*Available data*

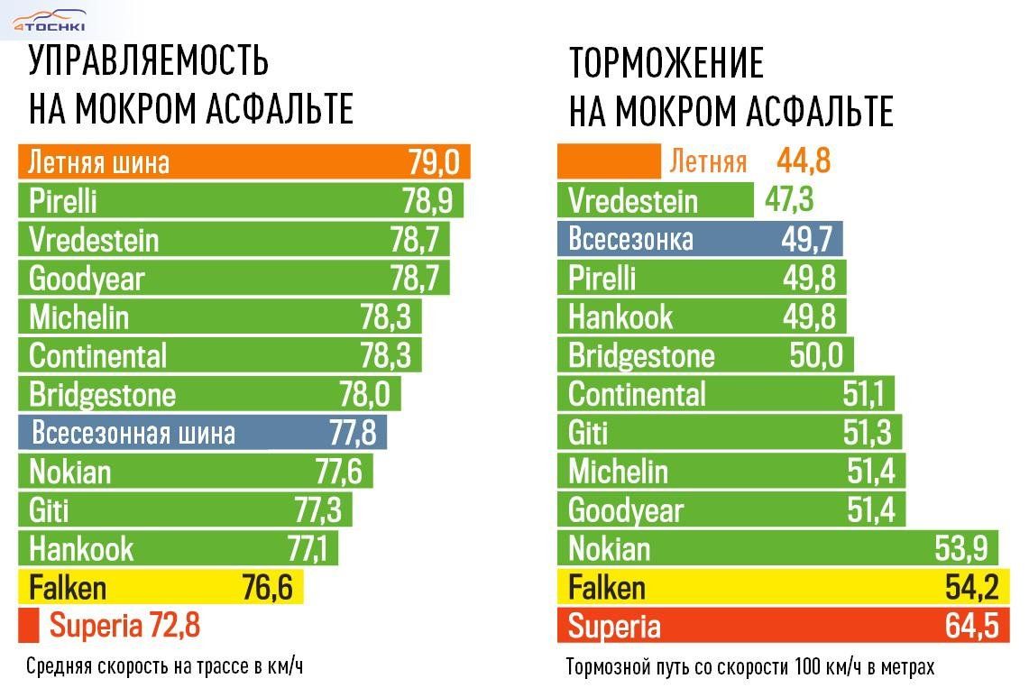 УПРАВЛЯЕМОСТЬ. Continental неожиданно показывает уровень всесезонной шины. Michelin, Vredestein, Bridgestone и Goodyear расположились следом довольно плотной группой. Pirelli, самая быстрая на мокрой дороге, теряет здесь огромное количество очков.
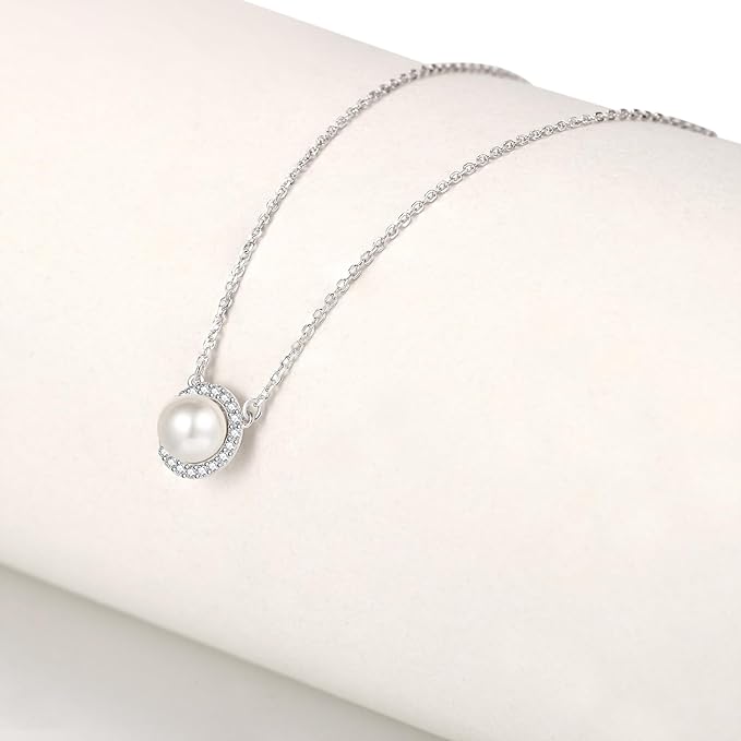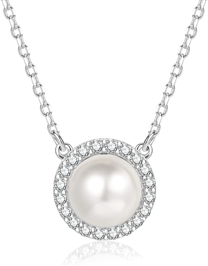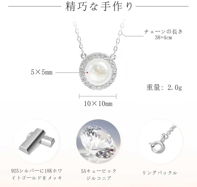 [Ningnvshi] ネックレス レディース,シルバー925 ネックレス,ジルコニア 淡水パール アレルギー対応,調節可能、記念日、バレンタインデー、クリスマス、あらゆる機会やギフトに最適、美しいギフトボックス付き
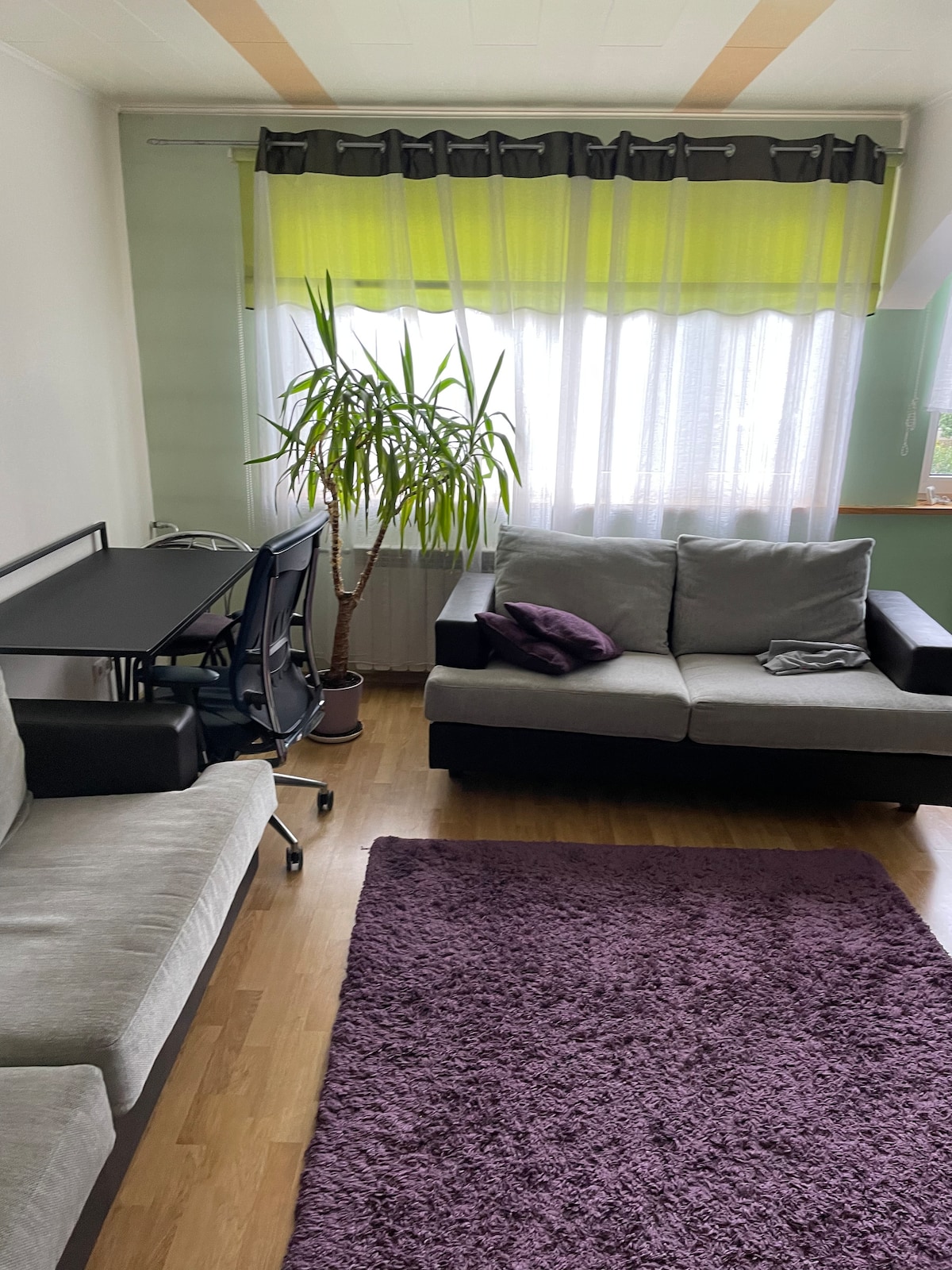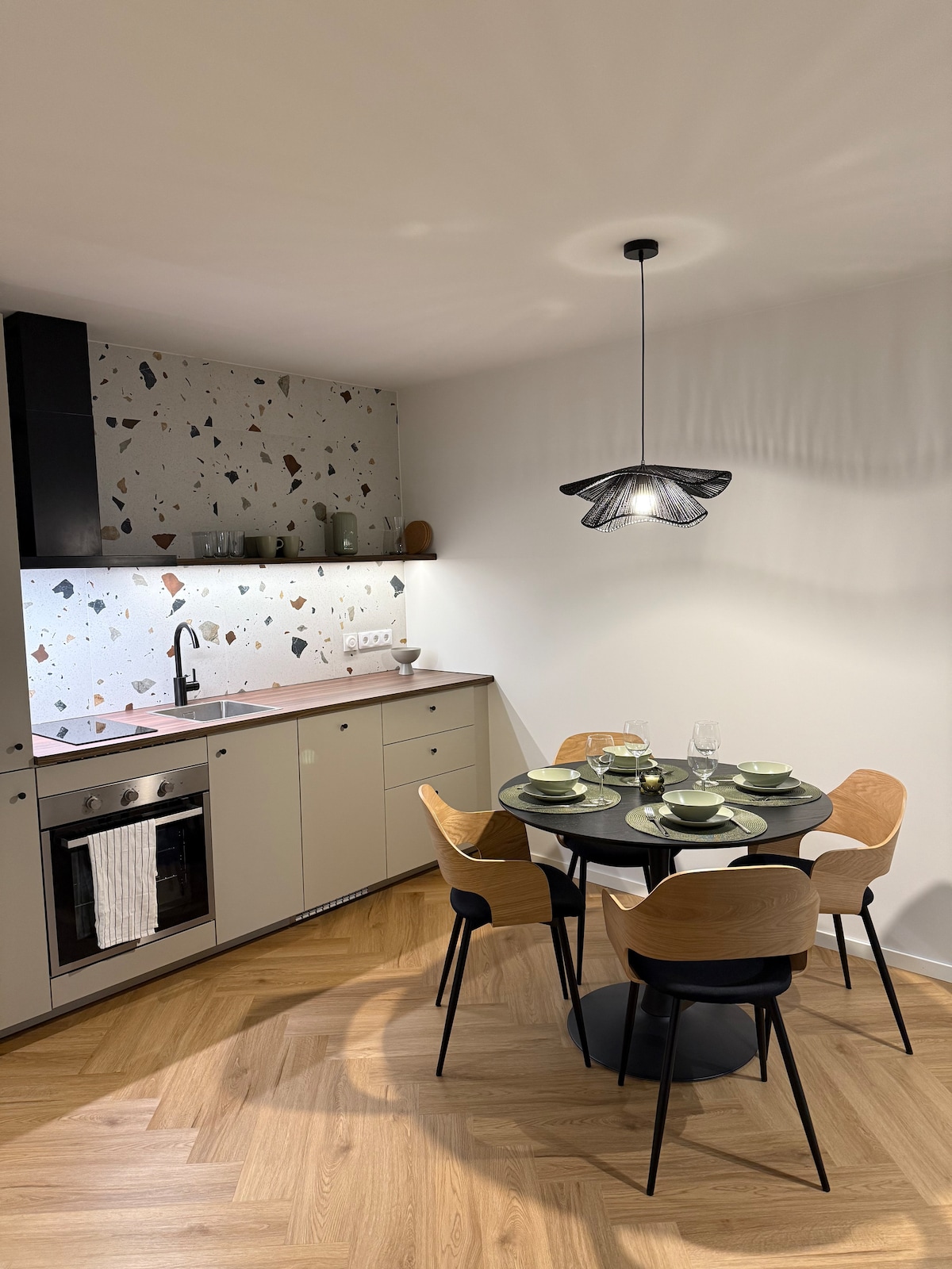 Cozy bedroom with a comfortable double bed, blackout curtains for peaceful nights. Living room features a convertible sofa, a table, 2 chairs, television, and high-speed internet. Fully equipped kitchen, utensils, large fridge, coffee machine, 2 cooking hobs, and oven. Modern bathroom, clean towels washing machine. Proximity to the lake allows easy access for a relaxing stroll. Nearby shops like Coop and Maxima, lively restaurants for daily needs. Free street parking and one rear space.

*The task*
Where a picture appears, skip it; repeat everything else in the data exactly.

*Written reply*
 УПРАВЛЯЕМОСТЬ. Continental неожиданно показывает уровень всесезонной шины. Michelin, Vredestein, Bridgestone и Goodyear расположились следом довольно плотной группой. Pirelli, самая быстрая на мокрой дороге, теряет здесь огромное количество очков.
 [Ningnvshi] ネックレス レディース,シルバー925 ネックレス,ジルコニア 淡水パール アレルギー対応,調節可能、記念日、バレンタインデー、クリスマス、あらゆる機会やギフトに最適、美しいギフトボックス付き
 Cozy bedroom with a comfortable double bed, blackout curtains for peaceful nights. Living room features a convertible sofa, a table, 2 chairs, television, and high-speed internet. Fully equipped kitchen, utensils, large fridge, coffee machine, 2 cooking hobs, and oven. Modern bathroom, clean towels washing machine. Proximity to the lake allows easy access for a relaxing stroll. Nearby shops like Coop and Maxima, lively restaurants for daily needs. Free street parking and one rear space.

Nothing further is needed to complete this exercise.